(Information supplied begins)
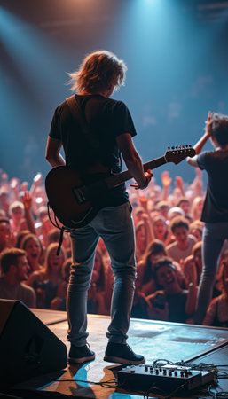 A passionate guitarist stands center stage, backlit by vibrant blue lights, as an enthusiastic crowd cheers in the background. The electrifying atmosphere captures the essence of live music, where the connection between the performer and audience creates an unforgettable experience.
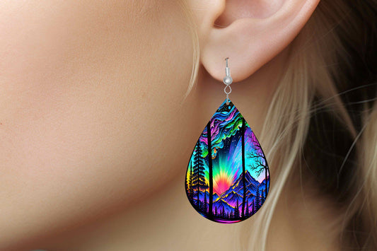 New Release Northern Lights Sunset Print Earrings Print Tear Drop Wood Dangle Earrings Hypoallergenic Jewelry
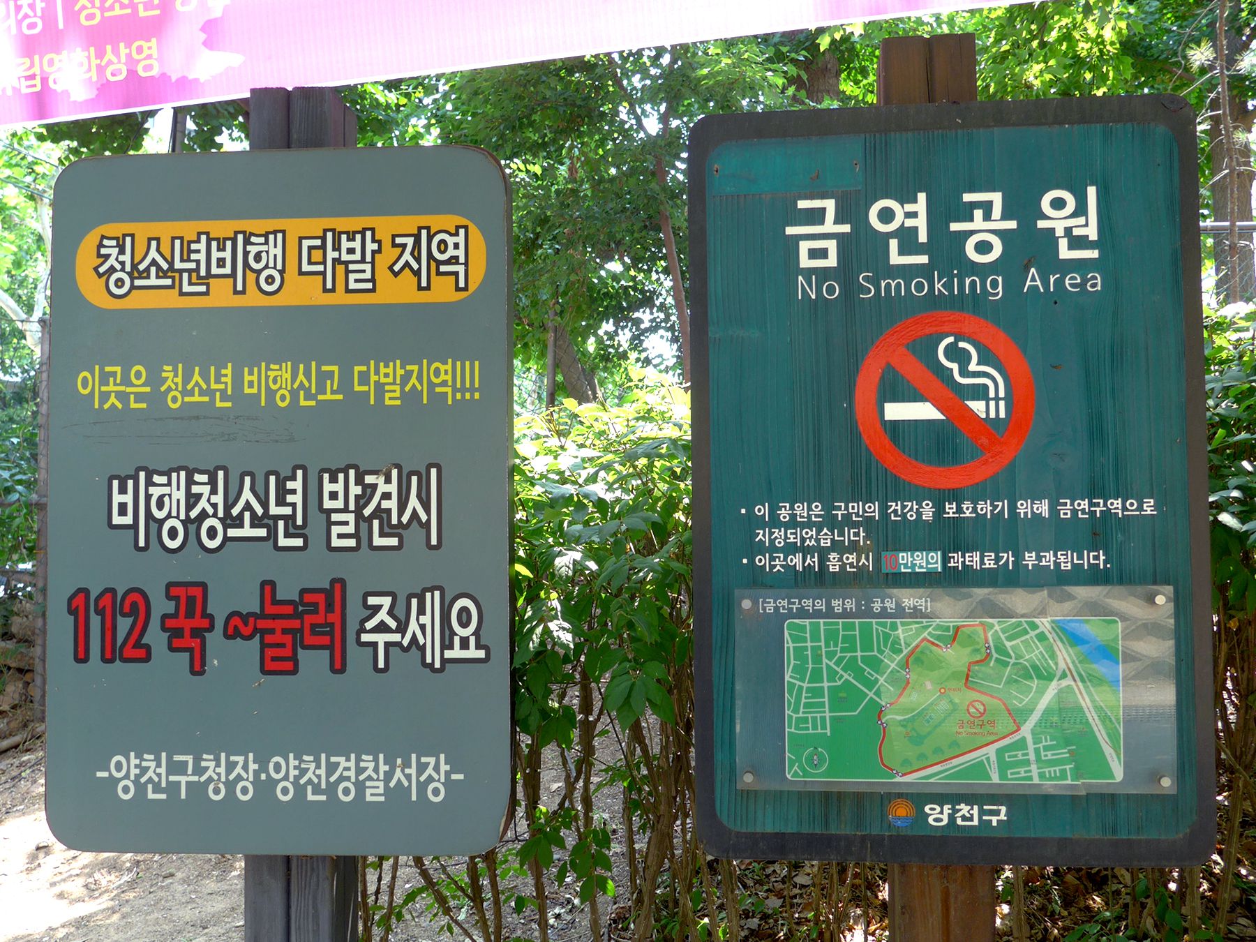 용왕산근린공원의 곳곳에는 안내표지판과 지켜야할 규칙사항 등이 배치되어 있습니다.
(Information supplied ends)
Copy the listing exactly. Any image in it stays out of the copy.

 A passionate guitarist stands center stage, backlit by vibrant blue lights, as an enthusiastic crowd cheers in the background. The electrifying atmosphere captures the essence of live music, where the connection between the performer and audience creates an unforgettable experience.
 New Release Northern Lights Sunset Print Earrings Print Tear Drop Wood Dangle Earrings Hypoallergenic Jewelry
 용왕산근린공원의 곳곳에는 안내표지판과 지켜야할 규칙사항 등이 배치되어 있습니다.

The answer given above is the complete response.